See the primer, revised in December 2007, outlining the barriers and opportunities for the collection and disposal of pharmaceuticals: Disposal of Medications from Residential Consumers (PDF file, 494KB).

The PH:ARM Team includes: Local Hazardous Waste Management Program in King County, Snohomish County Solid Waste Management Division, Public Health - Seattle & King County, Northwest Product Stewardship Council, Washington Citizens for Resource Conservation, and Washington State Department of Ecology, and advised by the Washington State Board of Pharmacy.

We are especially grateful to our funders: King County WaterWorks, Seattle Public Utilities, King County Voucher Incentive Program, Group Health Community Foundation, Russell Family Foundation, Seattle Biotech Legacy Foundation, Puget Sound Action Team, Snohomish County Solid Waste Management Division under the Coordinated Prevention Grant program, and the Snohomish County Marine Resource Council.

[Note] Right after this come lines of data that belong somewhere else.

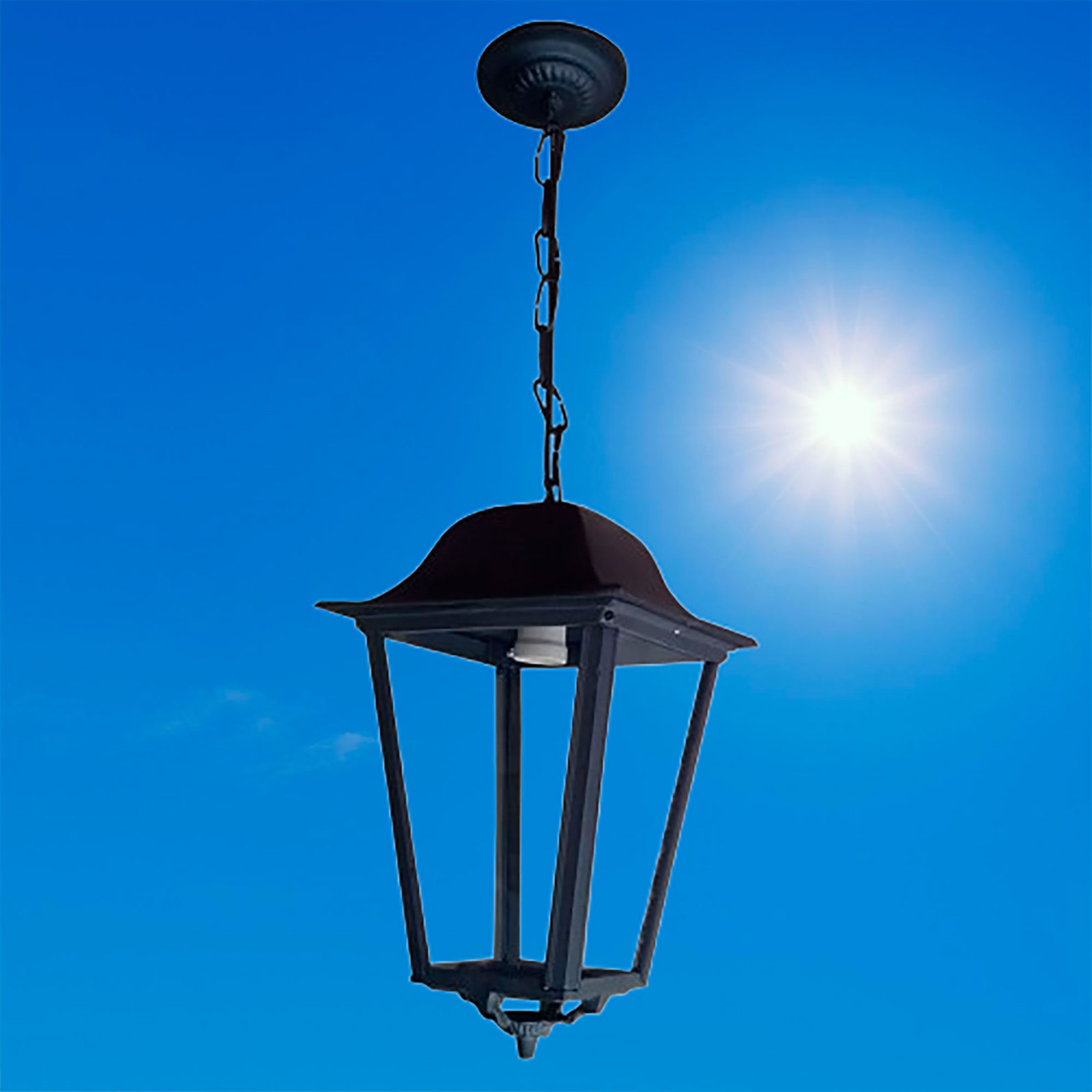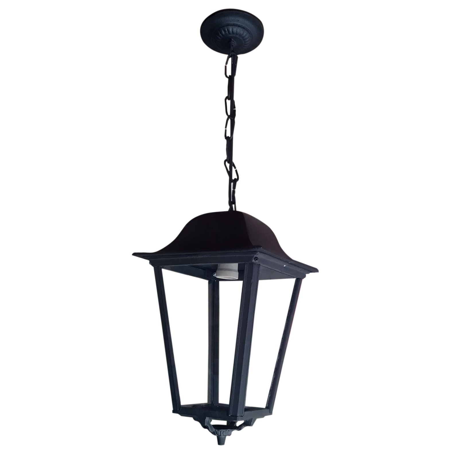 Farol Colonial Mediano de Fundición de Aluminio con Colgante (B210C) – Apto Led (E27) – Color Negro.
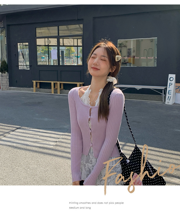 봄과 여름 새로운 한국식 보라색 낮은 둥근 목 중공 버튼 긴팔 니트 카디건 여성의 봄 새로운 슬림 핏 인테리어스토어 가기
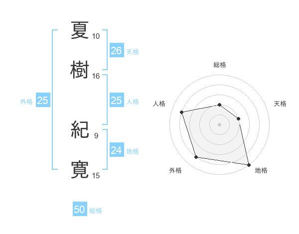 夏樹 紀寛さんの総格は50画の2点!
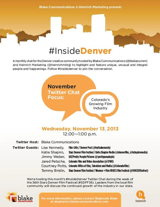 /On Wednesday I will be participating with the #InsideDenver twitter chat. We will be discussing all things related to the Starz Denver Film Festival as well as making movies in Colorado, in general. It should be a fun event. While you have to be in Denver to attend the screenings of EAT on November 15th and 16th, everyone with Twitter will be able to participate this Wednesday. So click on the image above and get all the details. Should be a good time!
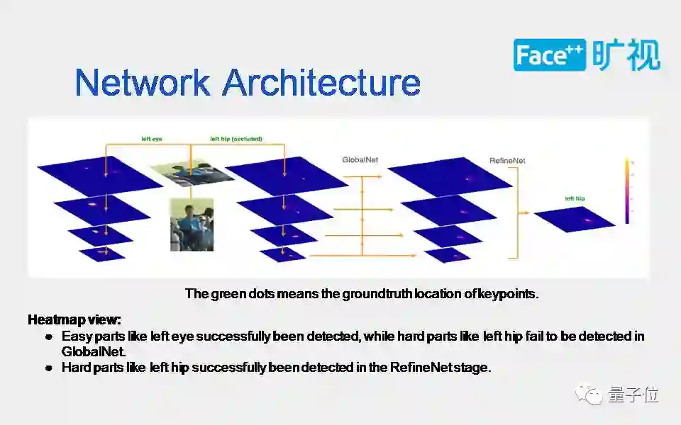这张图上,热力图可以体现出我们的网络设计原理,图上的绿点是关节点对应的ground truth。从图中左边的部分可以看出左眼作为相对容易的关节点,在前阶段的全局网络就可以解的很好。而右边的左臀部,作为相对较难的遮挡点,需要在后面的精炼网络里面才能识别出来。

Oregon Pharmaceutical Take Back Stakeholder Group

In October 2006, a group of stakeholders formed a working group to study the disposal of unwanted and unused drugs from households and care facilities in Oregon. Stakeholders included experts ranging from law and drug enforcement; public water agencies; pharmaceutical groups; environmental organizations; medical, health care, recycling and poison center representatives; and city and county governments. The stakeholders researched and analyzed existing and proposed drug take back programs with the intent of recommending a take-back program for Oregon that is effective, fair, and economical, and includes both controlled and routine drugs.

In July 2007, the Oregon Pharmaceutical Take Back Stakeholder Group Final Report (PDF file, 2.03MB) was released, along with the Executive Summary (PDF file, 71KB). The report includes background on drug take back programs, an overview of the regulatory framework, a survey of existing drug take back programs, Oregon program options, subgroup findings, and Oregon program funding options and recommendations.

See a presentation from Janet Gillaspie of the Oregon Association of Clean Water Agencies about Building an Oregon Drug Take Back Program. Read the June 25, 2008 Oregonian editorial Pill makers and pill poppers must heed the call of the Oregon ethos for disposing of unused medicine.



Tour of Product Stewardship Programs in British Columbia, Canada

The Northwest Product Stewardship Council hosted a day-long tour on Tuesday, October 2, 2007 to experience British Columbia’s successful product stewardship programs for handling difficult to manage products including pharmaceuticals. The Medications Return Program allows consumers to return (at no charge) unused or expired medications and unwanted pharmaceuticals to over 90 percent of the pharmacies in the province. Links and an informational presentations are available.